MOF-derived CNFs@Co/C fibers with adjustable cavity size for efficient electromagnetic wave absorption

Abstract

Multi-component design for constructing heterogeneous interfaces has emerged as a key strategy to optimize electromagnetic wave (EMW) absorption. However, precise structural control during heterogeneous interface construction remains a significant challenge. In this study, CNFs@Co/C fibers with tunable cavity size were prepared by coaxial electrospinning and heat treatment. Abundant heterogeneous interfaces between CNFs and metallic Co particles significantly enhance interfacial polarization. The impedance matching of CNFs@Co/C fibers can be effectively tuned by regulating the cavity size. Optimized impedance matching helps more EMWs enter the material and be lost.
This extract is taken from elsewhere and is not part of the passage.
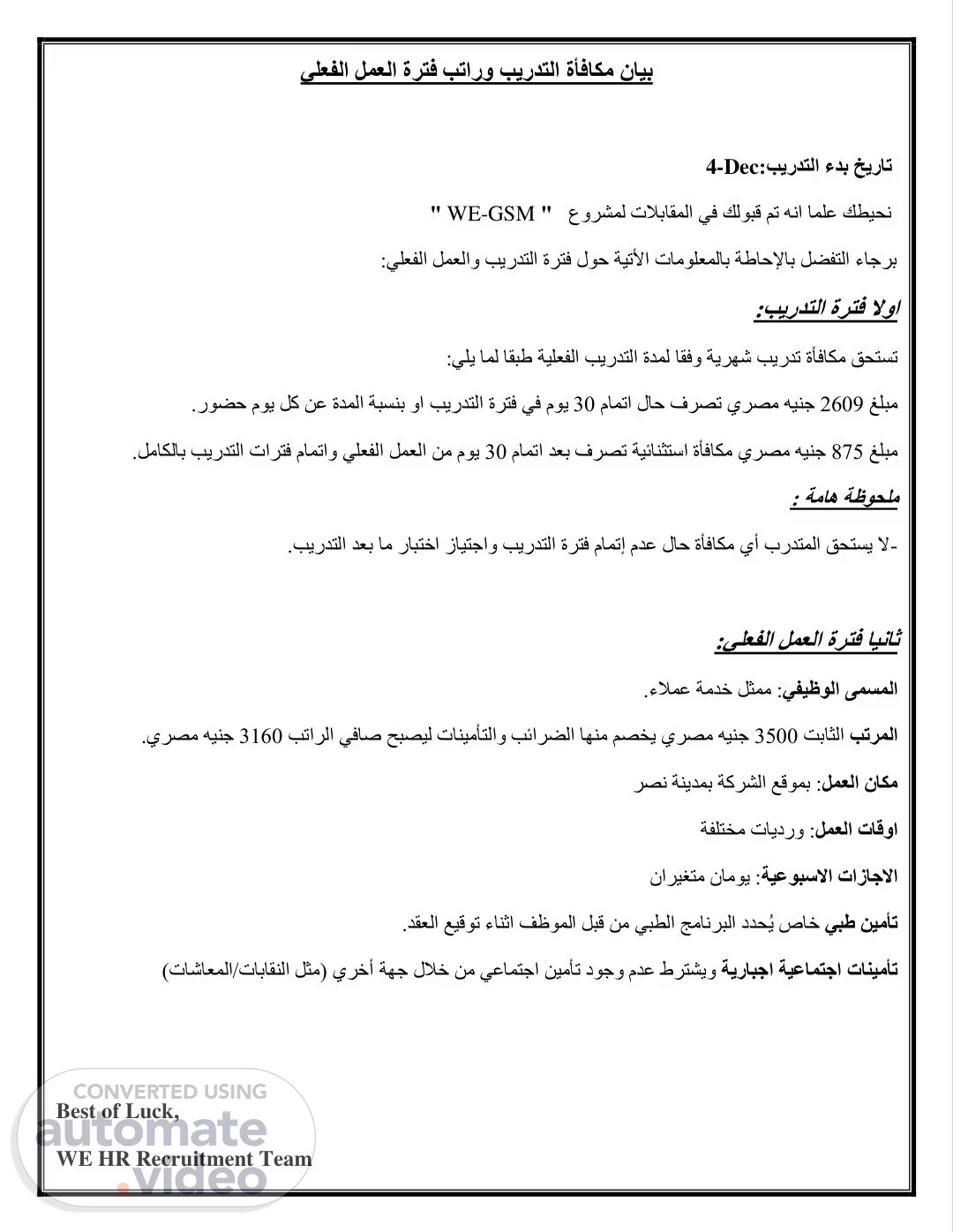 يلعفلا لمعلا ةرتف بتارو بيردتلا ةأفاكم نايب 4-Dec :بيردتلا ءدب خيرات " WE-GSM " تلاباقملا يف كلوبق مت هنا املع كطيحن عورشمل ةيتلأا تامولعملاب ةطاحلإاب لضفتلا ءاجربو بيردتلا ةرتف لوح :يلعفلا لمعلا الاو :بيردتلا ةرتف أفاكم قحتستة ةيرهش بيردتاقفو ةيلعفلا بيردتلا ةدمل :يلي امل اقبط غلبم2609 ينجيرصم ه مامتا لاح فرصت30 موي يف بيردتلا ةرتفروضح موي لك نع ةدملا ةبسنب وا . غلبم875 ينجيرصم ه ةيئانثتسا ةأفاكم مامتا دعب فرصت30 يلعفلا لمعلا نم موي .لماكلاب بيردتلا تارتف مامتاو ةماه ةظوحلم : - بردتملا قحتسي لايأ بيردتلا ةرتف مامتإ مدع لاح ةأفاكم .بيردتلا دعب ام رابتخا زايتجاو :يلعفلا لمعلا ةرتف ايناث مسملاى يفيظولالثمم : لامع ةمدخ .ء بترملا تباثلا 3500 يرصم هينجيمصخ اهنم بئارضلاتانيمأتلاو لحبصي بتارلا يفاص 3160 .يرصم هينج لمعلا ناكم :ب ةكرشلا عقومبرصن ةنيدم لمعلا تاقوا :ةفلتخم تايدرو ةيعوبسلاا تازاجلااريغتم ناموي :ا ن نيمأتيبط صاخ يجمانربلا ددح يبطلا .دقعلا عيقوت ءانثا فظوملا لبق نم نيمأتتا يعامتجاة يرابجاة نيمأت دوجو مدع طرتشيويعامتجا للاخ نمةهج )تاشاعملا/تاباقنلا لثم( يرخأ Best of Luck, WE HR Recruitment Team.

The results demonstrate that CNFs@Co/C fibers with an appropriate cavity size exhibit outstanding EMW absorption capabilities, attaining a maximum reflection loss of −56.63 dB and an effective absorption bandwidth of 7.84 GHz. Furthermore, the radar stealth performance of the samples was assessed through simulations conducted under far-field conditions. The radar cross section (RCS) value of CNFs@Co/C-2 is less than -10 dB m² over the entire test range, and the maximum RCS attenuation at θ = 0° could reach 24.09 dB m². This study provides essential guidance for the development and production of lightweight materials featuring a hollow structure for advanced EMW absorption applications.